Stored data

|---|

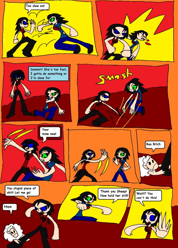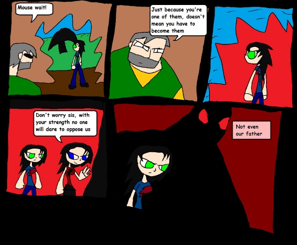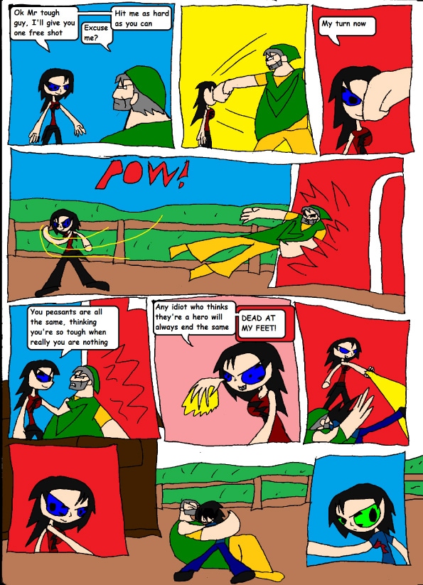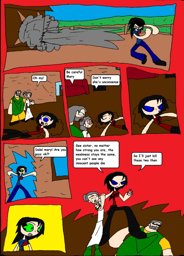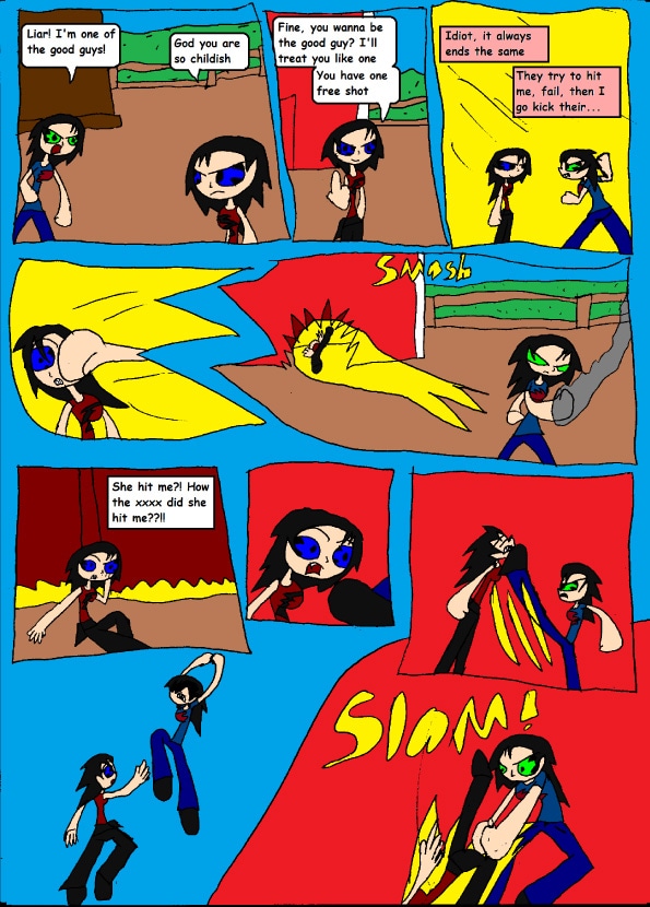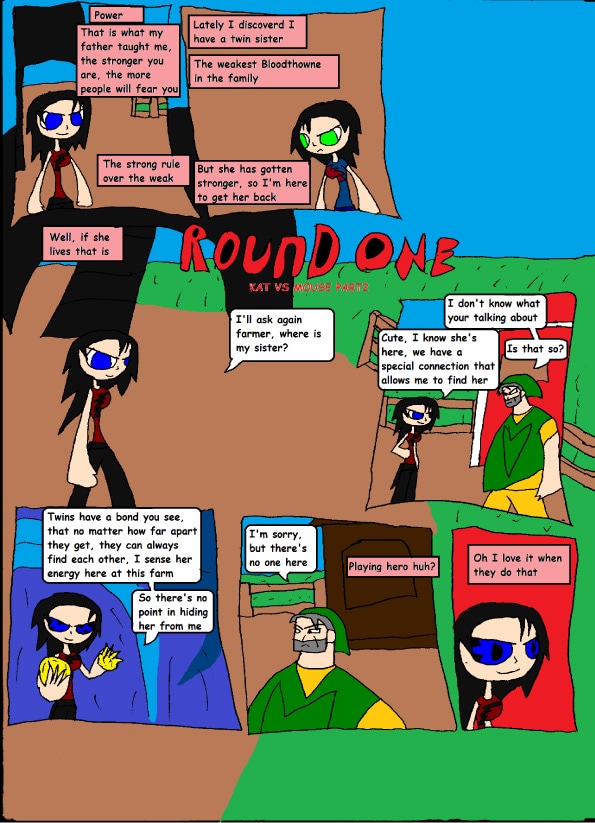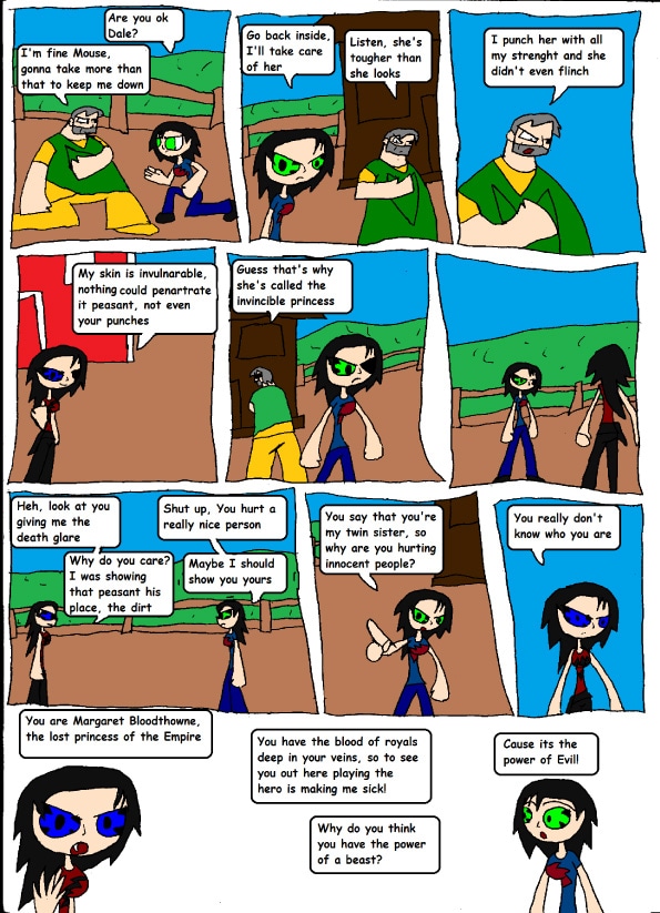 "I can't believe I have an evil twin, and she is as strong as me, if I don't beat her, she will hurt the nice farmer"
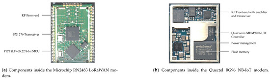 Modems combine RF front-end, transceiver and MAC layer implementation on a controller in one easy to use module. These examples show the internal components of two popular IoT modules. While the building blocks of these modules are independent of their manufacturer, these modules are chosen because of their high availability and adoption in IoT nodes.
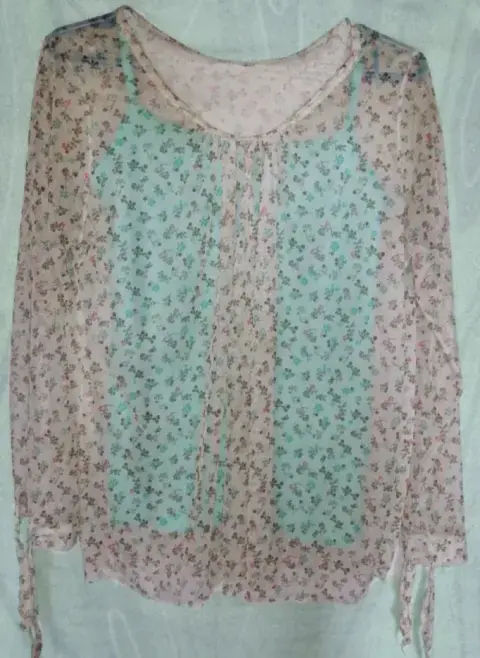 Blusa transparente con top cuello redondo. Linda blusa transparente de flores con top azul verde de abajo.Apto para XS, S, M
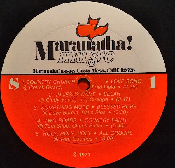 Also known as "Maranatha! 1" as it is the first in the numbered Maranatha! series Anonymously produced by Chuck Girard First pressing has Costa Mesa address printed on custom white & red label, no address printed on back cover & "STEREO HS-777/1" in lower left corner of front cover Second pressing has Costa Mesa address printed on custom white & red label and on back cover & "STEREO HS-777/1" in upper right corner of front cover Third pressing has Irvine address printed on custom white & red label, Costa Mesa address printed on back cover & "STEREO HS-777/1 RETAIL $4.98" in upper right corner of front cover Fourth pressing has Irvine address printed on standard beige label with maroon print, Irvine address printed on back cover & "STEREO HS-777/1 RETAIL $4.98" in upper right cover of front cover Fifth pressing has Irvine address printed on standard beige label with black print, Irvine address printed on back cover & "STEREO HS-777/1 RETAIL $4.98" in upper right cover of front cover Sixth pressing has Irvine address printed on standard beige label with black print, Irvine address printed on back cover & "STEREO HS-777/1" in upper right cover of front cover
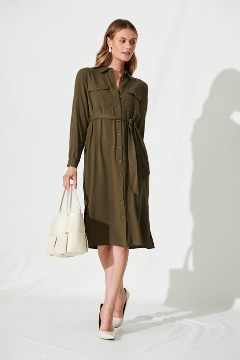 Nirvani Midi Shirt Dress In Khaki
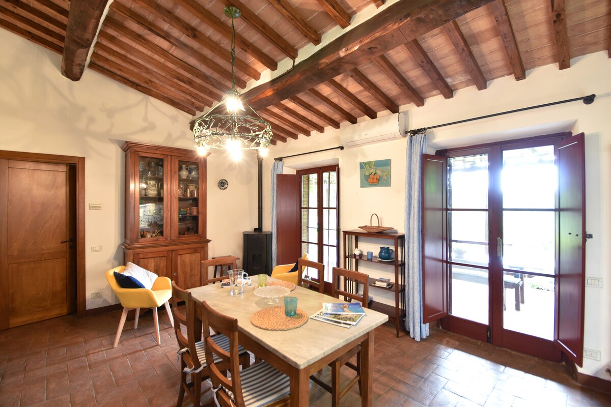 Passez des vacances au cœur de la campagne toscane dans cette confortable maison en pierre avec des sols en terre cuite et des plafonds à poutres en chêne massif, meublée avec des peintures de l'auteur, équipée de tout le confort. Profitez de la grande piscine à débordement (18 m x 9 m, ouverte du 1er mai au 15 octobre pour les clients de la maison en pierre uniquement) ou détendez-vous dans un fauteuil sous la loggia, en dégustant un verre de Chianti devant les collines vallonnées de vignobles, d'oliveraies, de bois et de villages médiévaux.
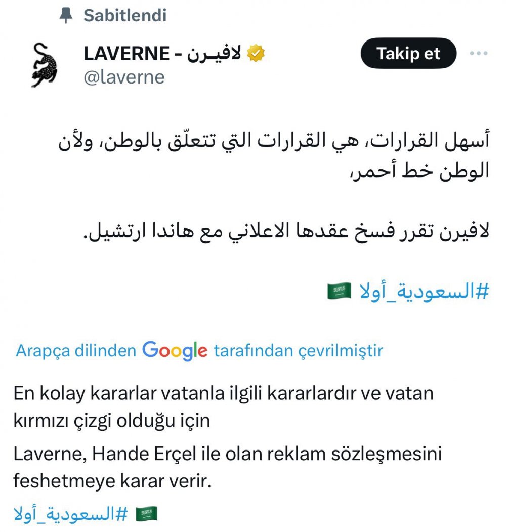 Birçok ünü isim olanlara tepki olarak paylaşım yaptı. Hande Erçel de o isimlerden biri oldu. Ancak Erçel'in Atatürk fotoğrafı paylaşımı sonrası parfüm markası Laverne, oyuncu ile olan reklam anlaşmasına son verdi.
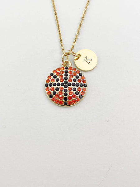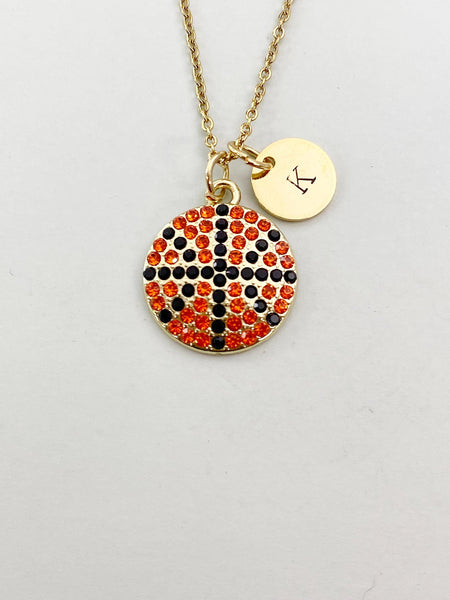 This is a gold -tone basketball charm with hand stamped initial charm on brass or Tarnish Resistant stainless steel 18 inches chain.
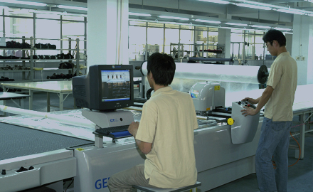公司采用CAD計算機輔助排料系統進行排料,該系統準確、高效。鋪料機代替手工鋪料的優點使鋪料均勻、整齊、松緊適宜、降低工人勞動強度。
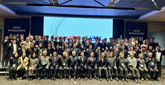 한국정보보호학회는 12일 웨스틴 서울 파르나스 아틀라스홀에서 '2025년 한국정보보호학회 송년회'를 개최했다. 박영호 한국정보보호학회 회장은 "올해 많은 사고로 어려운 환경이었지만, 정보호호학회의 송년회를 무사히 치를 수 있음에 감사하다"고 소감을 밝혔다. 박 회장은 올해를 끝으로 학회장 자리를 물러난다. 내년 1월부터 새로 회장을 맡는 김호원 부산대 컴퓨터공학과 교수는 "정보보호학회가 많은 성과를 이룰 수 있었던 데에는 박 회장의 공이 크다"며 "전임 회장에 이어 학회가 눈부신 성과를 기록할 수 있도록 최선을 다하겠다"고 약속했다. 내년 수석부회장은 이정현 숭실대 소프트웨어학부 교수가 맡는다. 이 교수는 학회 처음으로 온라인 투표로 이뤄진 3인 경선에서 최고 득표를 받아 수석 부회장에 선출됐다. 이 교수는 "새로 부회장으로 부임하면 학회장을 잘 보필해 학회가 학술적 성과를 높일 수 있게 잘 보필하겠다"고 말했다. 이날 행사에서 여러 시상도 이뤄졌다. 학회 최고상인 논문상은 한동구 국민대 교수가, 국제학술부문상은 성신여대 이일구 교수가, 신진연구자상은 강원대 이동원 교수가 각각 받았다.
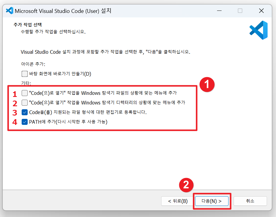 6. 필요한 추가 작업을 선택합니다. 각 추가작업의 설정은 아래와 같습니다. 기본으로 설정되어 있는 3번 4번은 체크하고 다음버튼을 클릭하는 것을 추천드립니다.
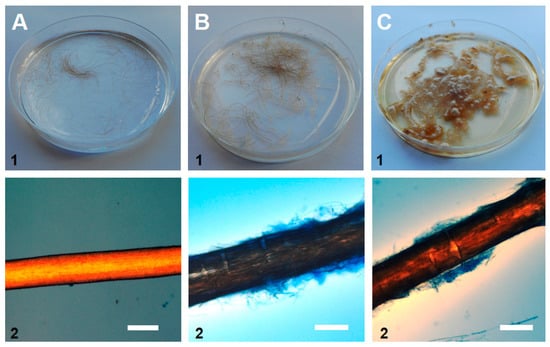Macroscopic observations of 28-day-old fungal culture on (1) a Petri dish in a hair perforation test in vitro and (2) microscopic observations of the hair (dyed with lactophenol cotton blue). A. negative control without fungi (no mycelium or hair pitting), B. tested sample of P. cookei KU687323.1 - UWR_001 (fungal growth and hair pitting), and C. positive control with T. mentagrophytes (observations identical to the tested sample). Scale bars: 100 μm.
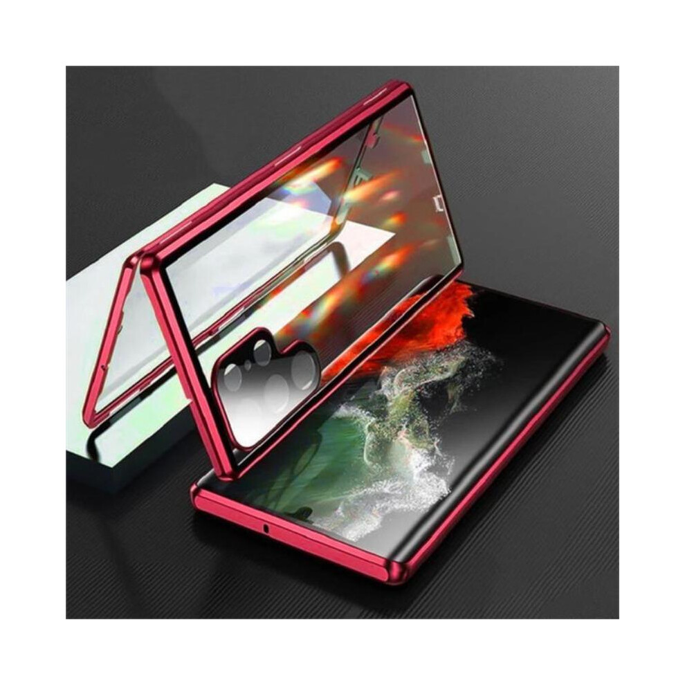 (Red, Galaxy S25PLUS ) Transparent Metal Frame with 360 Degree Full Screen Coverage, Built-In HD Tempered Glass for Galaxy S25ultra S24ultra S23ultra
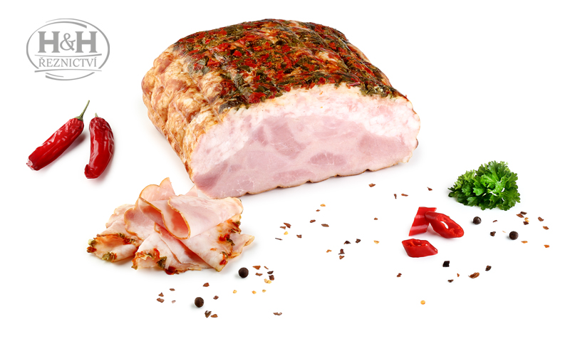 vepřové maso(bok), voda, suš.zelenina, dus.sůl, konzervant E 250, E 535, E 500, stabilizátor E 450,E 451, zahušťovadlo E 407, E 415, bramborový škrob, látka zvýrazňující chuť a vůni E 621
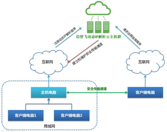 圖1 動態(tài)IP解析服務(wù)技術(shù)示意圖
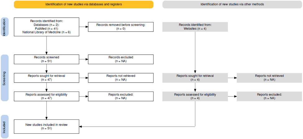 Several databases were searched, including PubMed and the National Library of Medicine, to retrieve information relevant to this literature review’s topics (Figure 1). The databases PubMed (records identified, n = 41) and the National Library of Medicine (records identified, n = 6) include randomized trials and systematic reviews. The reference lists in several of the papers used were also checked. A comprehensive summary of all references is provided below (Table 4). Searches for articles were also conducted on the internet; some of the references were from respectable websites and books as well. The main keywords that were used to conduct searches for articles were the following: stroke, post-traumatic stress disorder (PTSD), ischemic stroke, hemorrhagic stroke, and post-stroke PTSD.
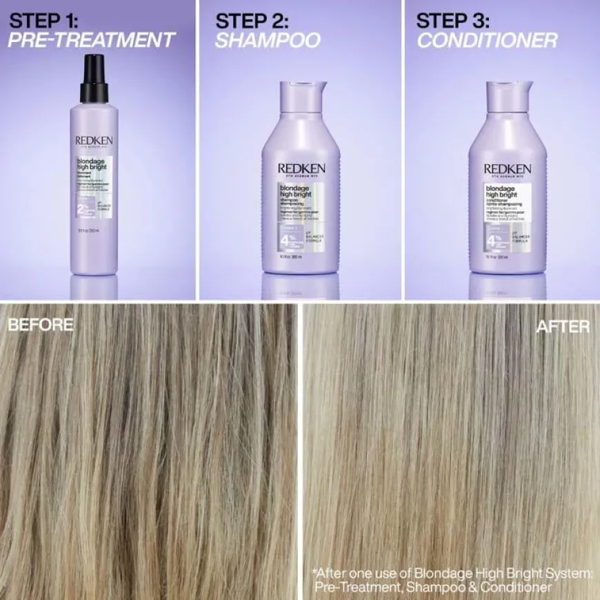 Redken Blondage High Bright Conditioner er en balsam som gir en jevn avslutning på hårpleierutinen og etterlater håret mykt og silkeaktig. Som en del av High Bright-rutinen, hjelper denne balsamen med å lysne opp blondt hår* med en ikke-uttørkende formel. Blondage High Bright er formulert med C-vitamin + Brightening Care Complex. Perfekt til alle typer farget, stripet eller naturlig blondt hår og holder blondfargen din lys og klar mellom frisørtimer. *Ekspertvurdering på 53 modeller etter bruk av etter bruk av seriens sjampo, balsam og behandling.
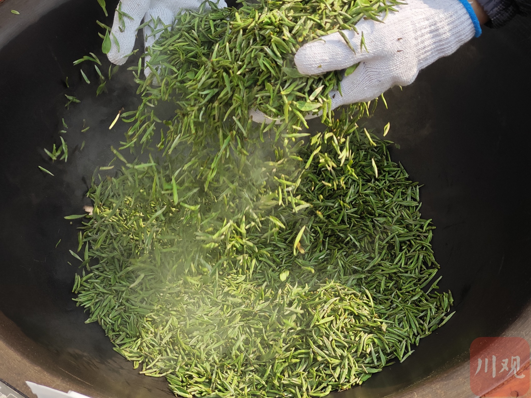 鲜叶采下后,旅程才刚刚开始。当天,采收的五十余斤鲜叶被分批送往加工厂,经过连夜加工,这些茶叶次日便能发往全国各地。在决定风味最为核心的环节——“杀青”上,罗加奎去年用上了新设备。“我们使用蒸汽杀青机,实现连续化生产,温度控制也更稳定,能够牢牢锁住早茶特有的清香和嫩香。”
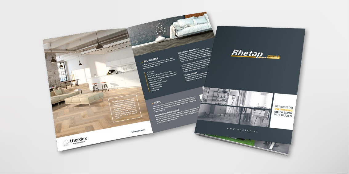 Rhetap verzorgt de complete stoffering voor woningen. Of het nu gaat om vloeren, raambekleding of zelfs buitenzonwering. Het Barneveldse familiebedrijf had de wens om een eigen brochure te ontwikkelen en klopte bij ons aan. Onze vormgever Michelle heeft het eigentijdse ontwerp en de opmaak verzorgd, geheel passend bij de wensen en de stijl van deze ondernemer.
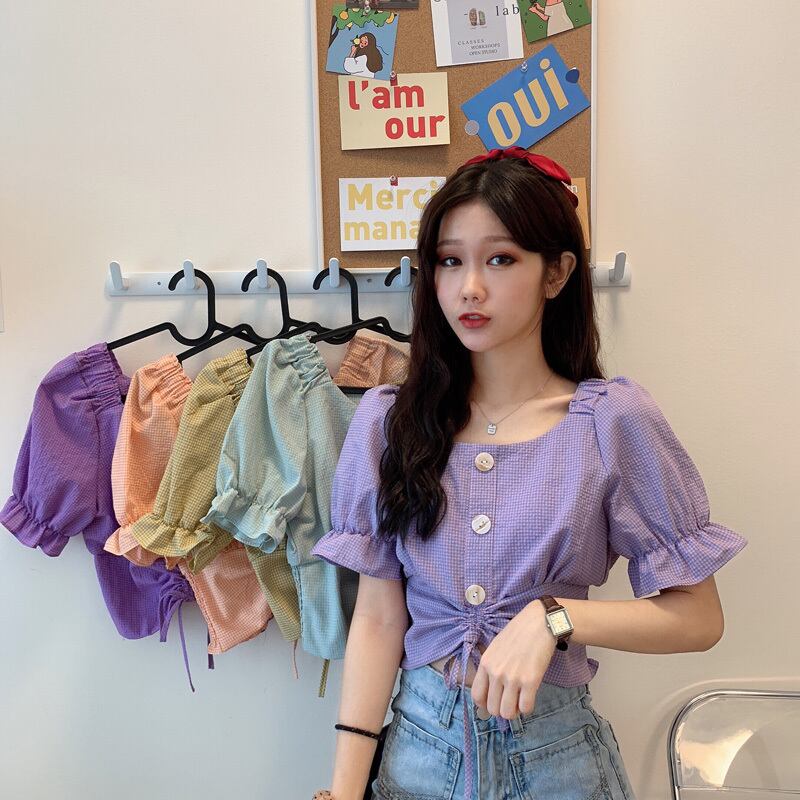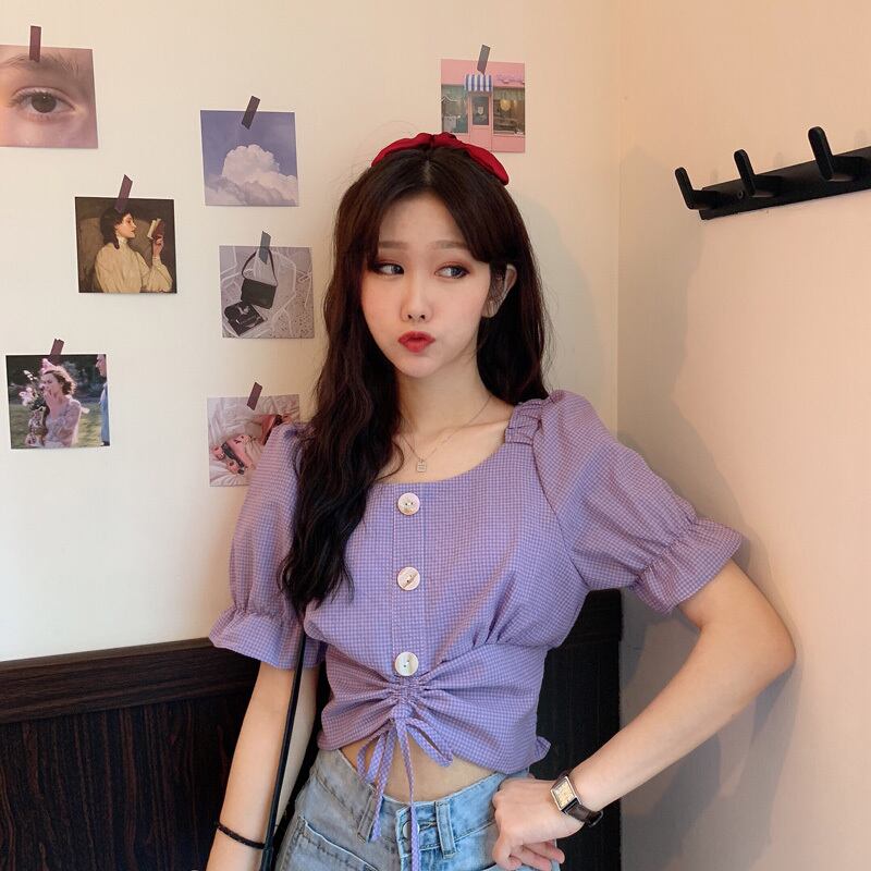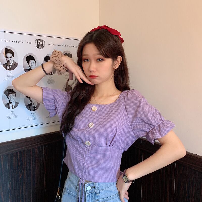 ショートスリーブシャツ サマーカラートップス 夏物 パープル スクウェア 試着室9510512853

|---|

_TASK OBJECTIVE_
Transcribe, word for word, the stretch of lines in the data above from the one with "vepřové maso(bok), voda, suš.zelenina, dus.sůl, konzervant" through the one with "Rhetap verzorgt de"; omit all pictures.

_TASK ANSWER_
 vepřové maso(bok), voda, suš.zelenina, dus.sůl, konzervant E 250, E 535, E 500, stabilizátor E 450,E 451, zahušťovadlo E 407, E 415, bramborový škrob, látka zvýrazňující chuť a vůni E 621
 圖1 動態(tài)IP解析服務(wù)技術(shù)示意圖
 Several databases were searched, including PubMed and the National Library of Medicine, to retrieve information relevant to this literature review’s topics (Figure 1). The databases PubMed (records identified, n = 41) and the National Library of Medicine (records identified, n = 6) include randomized trials and systematic reviews. The reference lists in several of the papers used were also checked. A comprehensive summary of all references is provided below (Table 4). Searches for articles were also conducted on the internet; some of the references were from respectable websites and books as well. The main keywords that were used to conduct searches for articles were the following: stroke, post-traumatic stress disorder (PTSD), ischemic stroke, hemorrhagic stroke, and post-stroke PTSD.
 Redken Blondage High Bright Conditioner er en balsam som gir en jevn avslutning på hårpleierutinen og etterlater håret mykt og silkeaktig. Som en del av High Bright-rutinen, hjelper denne balsamen med å lysne opp blondt hår* med en ikke-uttørkende formel. Blondage High Bright er formulert med C-vitamin + Brightening Care Complex. Perfekt til alle typer farget, stripet eller naturlig blondt hår og holder blondfargen din lys og klar mellom frisørtimer. *Ekspertvurdering på 53 modeller etter bruk av etter bruk av seriens sjampo, balsam og behandling.
 鲜叶采下后,旅程才刚刚开始。当天,采收的五十余斤鲜叶被分批送往加工厂,经过连夜加工,这些茶叶次日便能发往全国各地。在决定风味最为核心的环节——“杀青”上,罗加奎去年用上了新设备。“我们使用蒸汽杀青机,实现连续化生产,温度控制也更稳定,能够牢牢锁住早茶特有的清香和嫩香。”
 Rhetap verzorgt de complete stoffering voor woningen. Of het nu gaat om vloeren, raambekleding of zelfs buitenzonwering. Het Barneveldse familiebedrijf had de wens om een eigen brochure te ontwikkelen en klopte bij ons aan. Onze vormgever Michelle heeft het eigentijdse ontwerp en de opmaak verzorgd, geheel passend bij de wensen en de stijl van deze ondernemer.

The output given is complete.